Infect, by Trevor Holmes
I am of the strong opinion that with the printing of Blossoming Defense, Infect is the best deck in Modern week to week. Without the anchor that was Apostle's Blessing weighting it down, Infect can now steamroll through opposing removal with a plethora of both pump spells and protection effects. The level of consistency that Blossoming Defense brings to an already-consistent archetype is terrifying. We’ve seen Infect’s numbers rise considerably since the printing of Blossoming Defense, and the stage is set for Infect to take down GP Dallas.

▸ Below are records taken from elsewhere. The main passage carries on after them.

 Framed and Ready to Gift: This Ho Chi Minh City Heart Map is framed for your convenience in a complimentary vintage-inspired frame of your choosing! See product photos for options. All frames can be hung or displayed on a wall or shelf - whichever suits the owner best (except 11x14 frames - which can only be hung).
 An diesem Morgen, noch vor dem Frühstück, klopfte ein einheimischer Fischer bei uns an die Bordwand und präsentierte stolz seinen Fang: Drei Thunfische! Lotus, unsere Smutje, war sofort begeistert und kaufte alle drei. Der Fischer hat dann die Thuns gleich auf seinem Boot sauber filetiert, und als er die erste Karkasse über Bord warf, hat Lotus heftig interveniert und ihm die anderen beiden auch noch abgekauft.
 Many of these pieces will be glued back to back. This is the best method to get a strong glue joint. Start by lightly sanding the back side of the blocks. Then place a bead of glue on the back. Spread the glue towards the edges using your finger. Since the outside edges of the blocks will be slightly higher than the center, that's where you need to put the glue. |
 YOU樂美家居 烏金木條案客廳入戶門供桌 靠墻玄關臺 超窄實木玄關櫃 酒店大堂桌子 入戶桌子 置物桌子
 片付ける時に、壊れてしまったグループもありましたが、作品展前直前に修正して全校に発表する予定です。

With the rest of the format focused heavily on stopping Burn and Dredge (as seen from the SCG Milwaukee results we analyzed last week), I believe Infect is poised to pounce on an unsuspecting field and claim another trophy for the Infect clan.
If I was playing in GP Dallas, I would undoubtedly be sleeving up the above list. We’ve talked in the past about my bearish feelings on Distortion Strike, so I’ve cut them here for two maindeck copies of Spellskite. Distortion Strike is really only helping us get through with Glistener Elf, as Blighted Agent has unblockable already and Inkmoth Nexus has flying, which in a format devoid of Lingering Souls is pretty much pseudo-unblockable already. On rate alone, paying U for +1/+0 at sorcery speed is absolutely abysmal, even if we do get to cast it again for free the next turn. Sure, there are scenarios that exist where we have a Glistener Elf and no Pendelhaven/Noble Hierarch to pump it over opposing 1/1’s, but those situations are few enough that I would much rather hedge against Burn, the mirror, and a couple combo decks while giving myself even more protection against opposing removal.

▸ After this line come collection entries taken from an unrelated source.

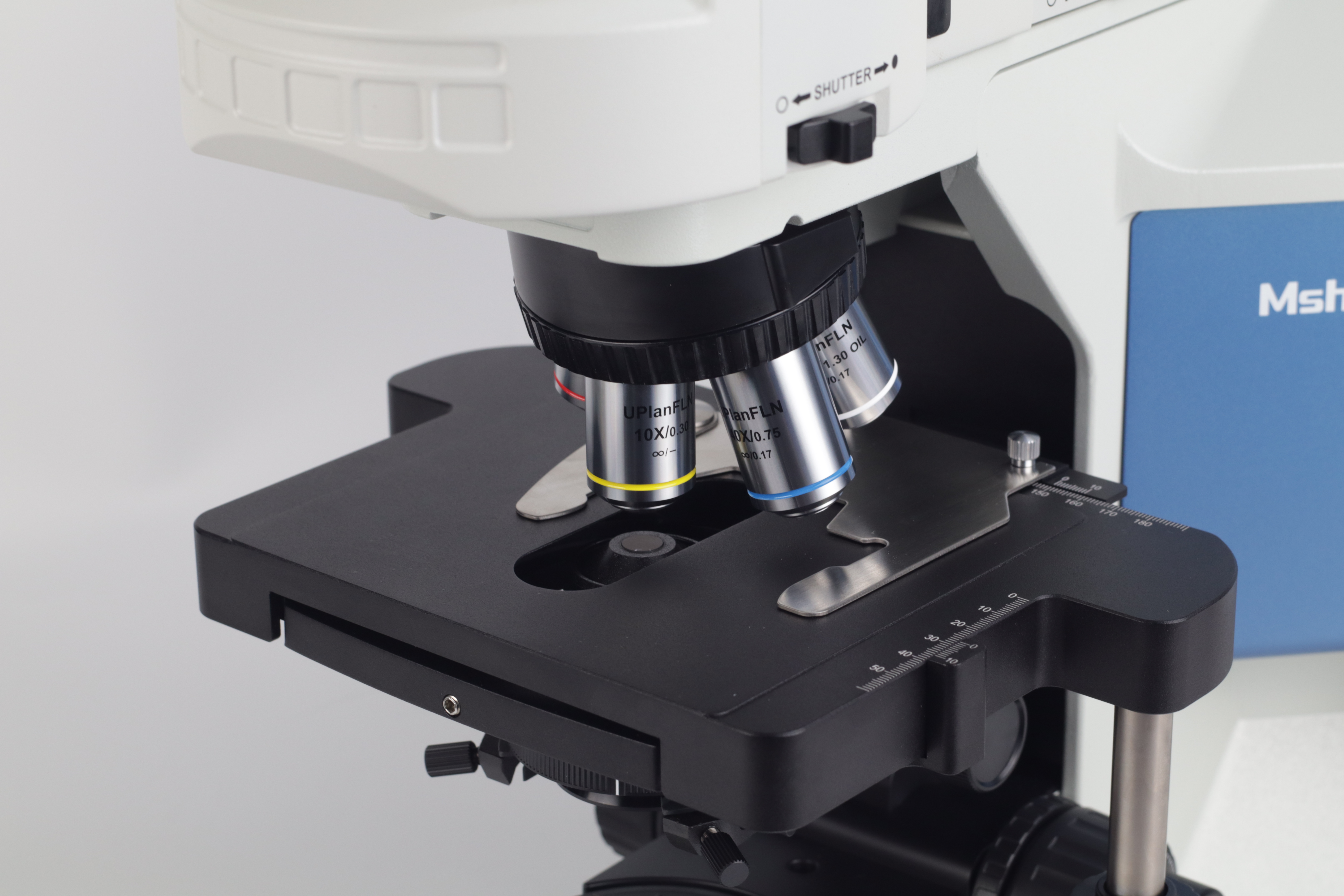 研究级正置荧光显微镜MF43-N配备6孔落射荧光模块和超长寿命LED荧光光源,可扩展升级实现各种观察方式,高数值孔径半复消色差物镜成像清晰,尤其适合FISH荧光原位杂交等应用。
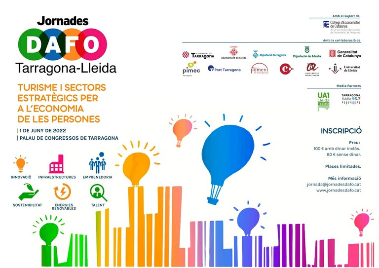 La jornada d’aquest dimecres a Tarragona porta per títol “Turisme i sectors estratègics per a l’economia de les persones” i tindrà lloc de 9 a 16 h al Palau Firal i de Congressos de Tarragona. Un dels eixos de la jornada serà el turisme —tant vacacional com de negocis— com a element dinamitzador del territori, però també tot allò que comporta el pool industrial de Tarragona, la zona portuària i les seves infraestructures.
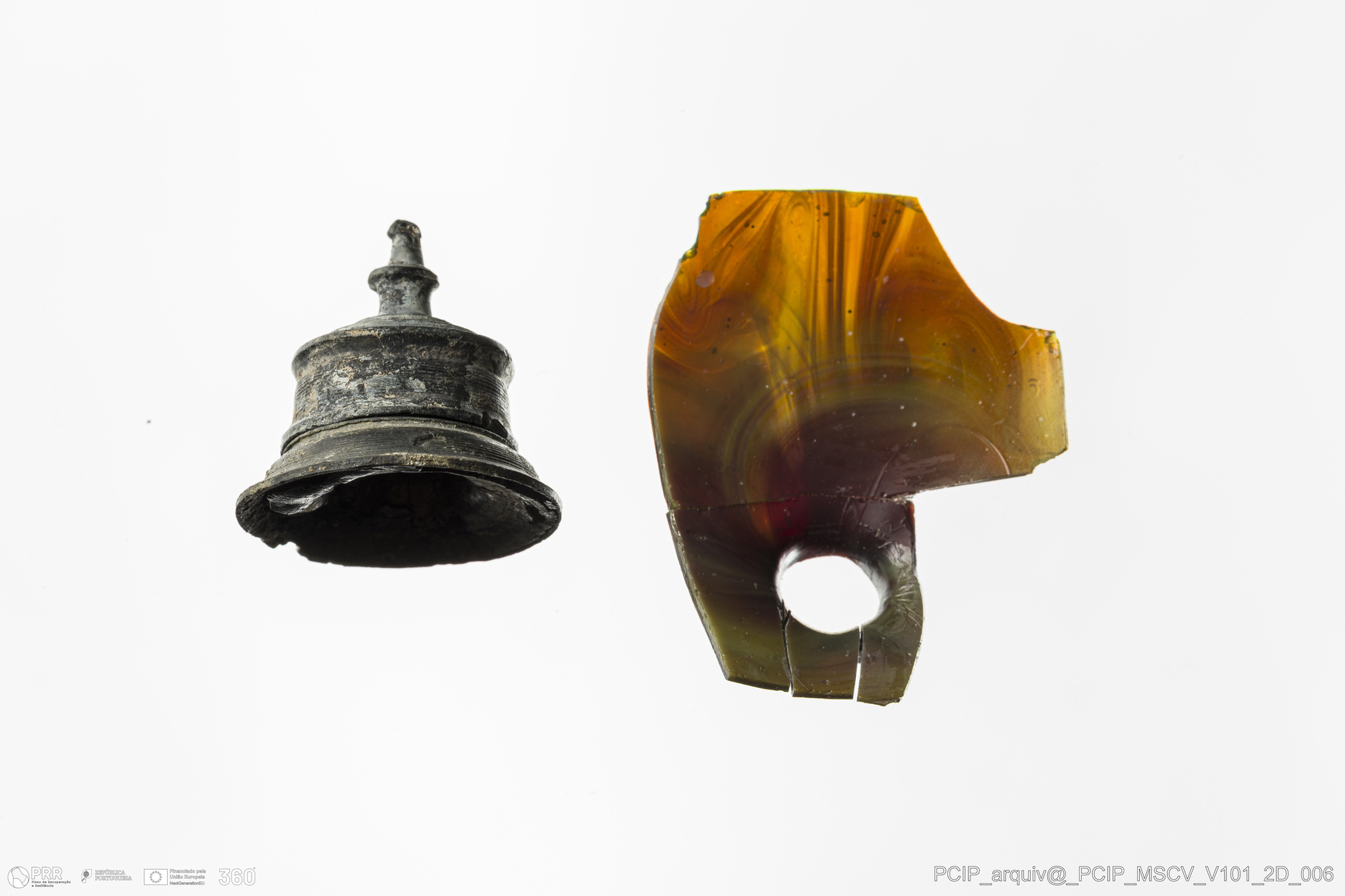 Matéria/Técnica: Vidro; Cronologia: Século XVII; Autoria: Desconhecida; Dimensões: Diâmetro do bordo: 10mm; Altura tampa: 26mm.

Can you really point to enough situations where Distortion Strike won the game for you, where no other spell would have got you there? Maybe in an open field I would find myself going back to Distortion Strike against an unknown metagame, but on this weekend, one where I expect Infect to do very well, I’m jumping at the opportunity to next-level the mirror while also helping me against the field, albeit in a different way.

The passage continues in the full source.